Ждать пришлось недолго — вдалеке раздался цокот копыт. Подъезжавшие всадники имели вид величественно-грозный, но при этом чуть гротескный. Восседали на крупных большеголовых лошадях, сбруя которых звенела целой коллекцией металлических бляшек, а хвосты заплетены в толстые косы. Вместо седел поверх потников лежали покрытые прихотливым орнаментом коврики с бахромой. Сами витязи были носаты и усаты, причем громадные усы щегольски подкручивали, так, что те почти смыкались со внушительными, опущенными к вискам бровями. Головы брили, оставляя посередине полосу волос, торчащих наподобии гребня. Широкоплечие фигуры с осиной талией затянуты были в нарядные синие куртки, препоясанные ремнями, также покрытыми бляхами в виде фантастических зверей. На поясах висели войлочные футляры с причудливой формы луками, короткие мечи и хищного вида чеканы, а в руках держали они деревянные щиты, оплетенные кожаными полосками. С плеч спускались короткие бурки из леопардовых шкур. Экстерьер дополняли красные шерстяные штаны, заправленные в высокие синие сапоги из войлока.
— Мои гвардейцы, — представил Аслан.
Было их человек десять-пятнадцать. За ними следовала влекомая лошадью еще солиднее кибитка, почти такая же, что сжег Аслан, только чуть поменьше. Несколько лошадей шли без всадников.
— Семикратный свет над вами, господин! — почти хором пропели они, спрыгивая с коней и сгибаясь перед Асланом в низких поклонах.

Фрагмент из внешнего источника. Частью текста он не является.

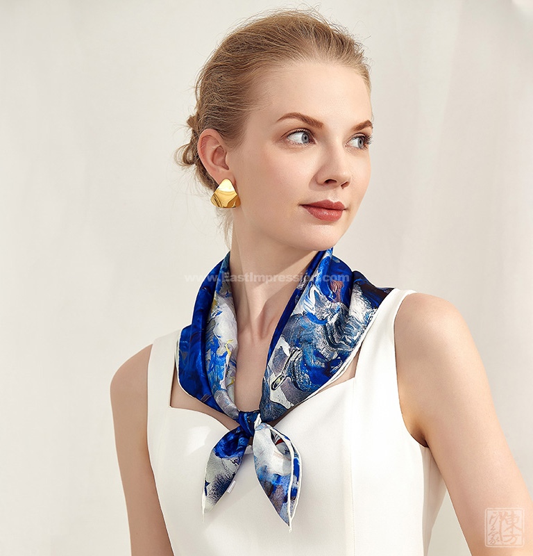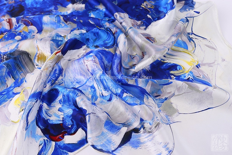丝巾散发着珍珠般柔和的光泽,表面平整光洁,触感细腻丝滑。丝巾图案是加拿大油画家博比•宝格丝的作品,她凭借女性的细腻和敏感,以花卉为表现主题,将抽象与写实融合在一起,用色大胆,笔触快意,给人以强烈的视觉冲击力,自然也是脖颈间靓丽的风景线。
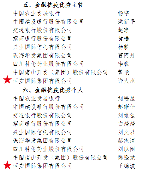 与此同时,在《2020年度结算业务和集中清算业务优秀主管和优秀个人》评选中,GA黄金甲集团资本运营总裁许大座荣获“金融抗疫优秀主管”,资本运营投资总裁助理王锦波荣获“金融抗疫优秀个人”。
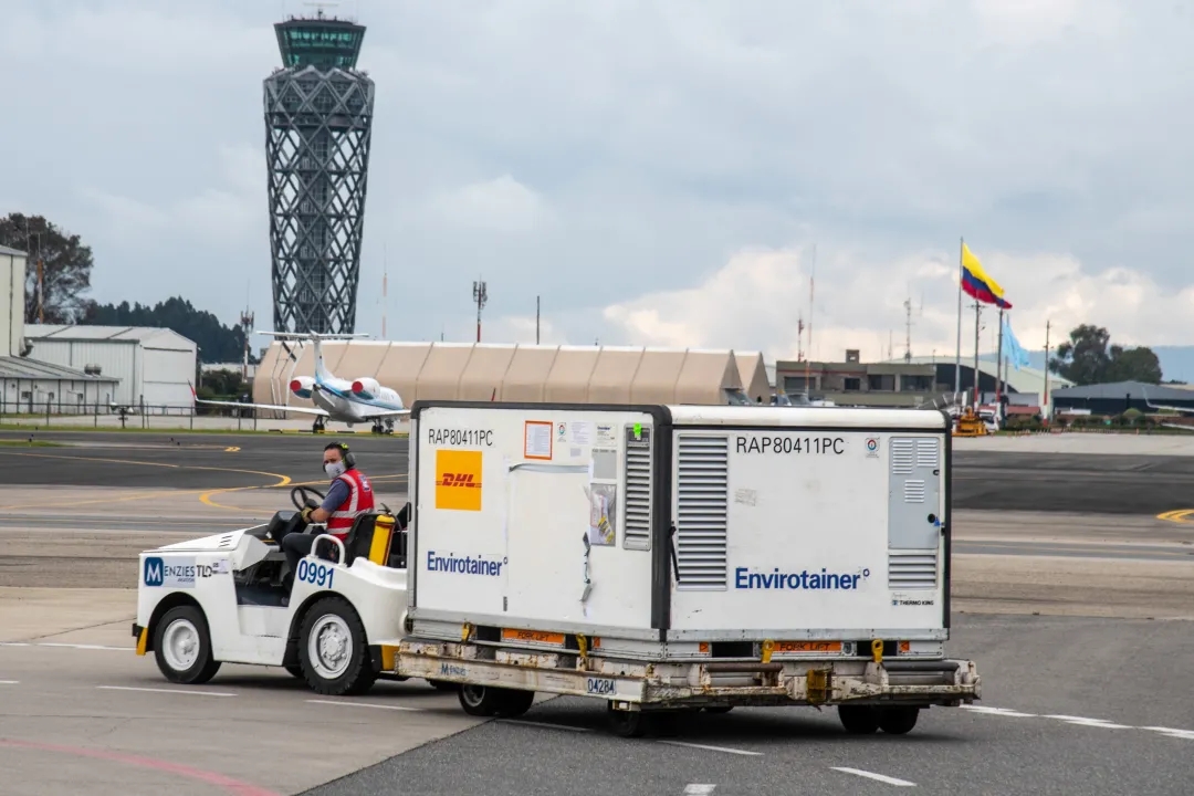 2021年2月20日下午,首批由中国科兴公司生产的新冠疫苗运抵哥伦比亚首都波哥大。新华社发(哥伦比亚总统府供图)

— Вам слава, герои! — важно отвечал он на том же языке, в нашей Ветви никому из Кратких неизвестном. — Я еду к своему очагу.
— Так, господин, — пробасили воины и без лишних слов стали собираться.
То есть, они подвели к Аслану и Варнаве лошадей, на которых оба сноровисто запрыгнули. Что касается так и спящей Гелы, ее «гвардейцы» бережно подняли и осторожно положили в кибитку. Тем временем Аслан соорудил для себя и Варнавы местные костюмы, примерно такие же, как у «гвардейцев», но богаче украшенные. Кортеж тронулся.
— Ты тут живешь? — поинтересовался Варнава, с интересом и не без удовольствия оглядываясь вокруг, вдыхая свежие ароматы весенней степи.
— Гораздо реже, чем хотелось бы.
Аслан выглядел теперь довольным, похожим на большого щенка, которого отпустили поноситься по лугу. Вроде даже и помолодел, не внешне, а словно изнутри озарился юной энергией.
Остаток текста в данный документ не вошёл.